What you will do
Copy the data below exactly, but not the pictures it contains.

Source data
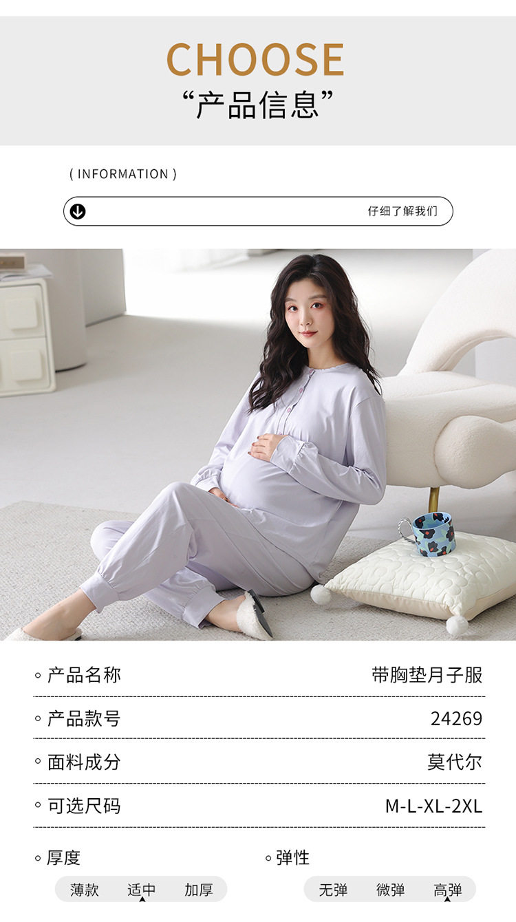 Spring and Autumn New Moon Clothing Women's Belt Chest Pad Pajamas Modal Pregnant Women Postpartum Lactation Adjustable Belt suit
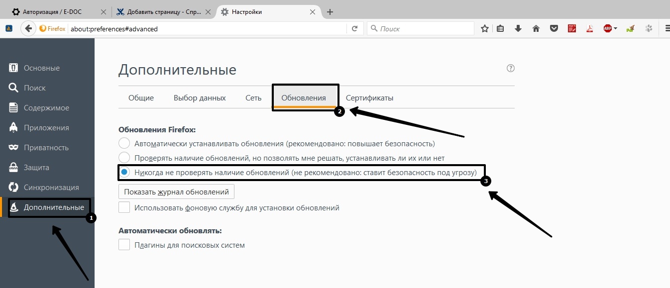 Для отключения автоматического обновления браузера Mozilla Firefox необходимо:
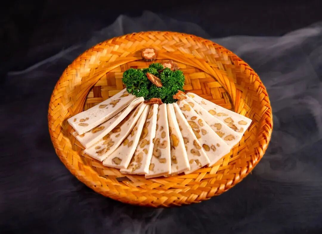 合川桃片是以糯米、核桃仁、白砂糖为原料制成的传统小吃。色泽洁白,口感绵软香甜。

Exercise output
 Spring and Autumn New Moon Clothing Women's Belt Chest Pad Pajamas Modal Pregnant Women Postpartum Lactation Adjustable Belt suit
 Для отключения автоматического обновления браузера Mozilla Firefox необходимо:
 合川桃片是以糯米、核桃仁、白砂糖为原料制成的传统小吃。色泽洁白,口感绵软香甜。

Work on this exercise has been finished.